An interview early one morning on CBC, heard while I was imprisoned in hospital waiting for the two ends of my spine to reunite, caught my fancy.
The interviewee was Chris Irwin, renowned trainer of horses, and author of a slim book: Horses Don’t Lie.
His theme was the psychology of the horse, compared with the mental makeup of man.
Along with dogs, cats, lions, tigers, wolves and coyotes, man is a predator. He needs to kill his prey to obtain food to survive. His two eyes point forward and work together, to focus on his prey. Dominance within the pack is determined by physical contest—whether among a group of puppies, or young schoolboys establishing their position through horseplay in the company of their peers.
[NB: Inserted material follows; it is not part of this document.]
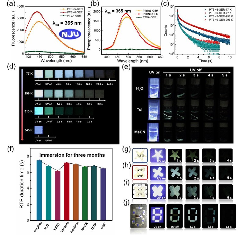 图4. 聚合物材料的磷光性能表征及多种应用展示

By contrast, horses are prey, not predator. Like deer and other ruminants, their food grows all around them on the ground—no problem there of supply. The challenge of being a prey animal is rather one of avoiding becoming food for the predator. So this type of animal has eyes pointing outward on each side of its head, giving it 360 degree vision, and its brain is continually attuned to awareness of its environment and possible dangers in it, rather than concentrating its attention on any particular objective.
Consider, then, the reaction of the horse, a prey animal, when approached by the predator, man. It is an instinctive urge to run for the hills in self-preservation—as indeed, is also the reaction of cattle at a rodeo.
So ‘breaking’ a horse has traditionally been a difficult operation, sometimes achieved only by cruelly destroying the animal’s spirit. Irwin, however, has a different technique. He has learned to think like a horse, and get willing cooperation by communicating with his charges in horse language.
Horses move in herds, and have their own system of deciding on who shall be leader. Instead of fighting for pre-eminence, horses engage in a form of discussion, carried out through symbolic movements of their bodies, which end up with a leader being selected, who has the approval and support of the rest of the herd.
Irwin’s art is to use that same language, to persuade his horses that he is the ideal leader to follow; more capable and more interesting than any other member of the herd. Once that is accomplished, horse and rider are friends for life, with a rich bond of devotion and loyalty between them—so long as the leader lives up to his promises.
It seems to me that mankind has much to learn from this.
Firstly, that though the average churchgoer may find that ‘original sin’ is a difficult concept to relate to, the idea that ‘man is by nature a predator’ is not, even though it is saying much the same thing. “Men behave like wolves to their fellow men” as the Roman writer observes.
Secondly, that it’s not a bad idea to have 360 degree vision in a world of predators: “Be wise as serpents, and innocent as doves,” and beware of “wolves in sheep’s clothing,” even within the church.
Thirdly, the horse’s method of selecting a leader, based on the recognition and willing acceptance of merit, seems vastly preferable to the predator leader securing his position by sheer force of arms.
But, finally, is there not a lesson for us all in the journey Irwin had to take in order to carry out his objective of relating to horses—to abandon the ways of the predator, and learn to speak the language of the prey? So, in the Bible, “the Lion of the tribe of Judah” becomes also “the Lamb of God who takes away the sin of the world”: Jesus is the one who is “led like a lamb to the slaughter.” In Isaiah’s vision, “the wolf shall lie down with the lamb,” “the lion eats straw like the ox,” and “they shall not hurt or destroy in all my holy mountain.”
Predators cannot live without prey, or they will starve. Prey, though, need predators to control their numbers, or they will over-graze their territory, and in turn, begin to starve. Yet in a world so dominated by man, it seems necessary that at least a good part of mankind has to learn the way of prey, not predator, or the world will end in war and starvation. That’s what civilization is all about.
Perhaps the path of good horse training is also the path to the Kingdom of Heaven!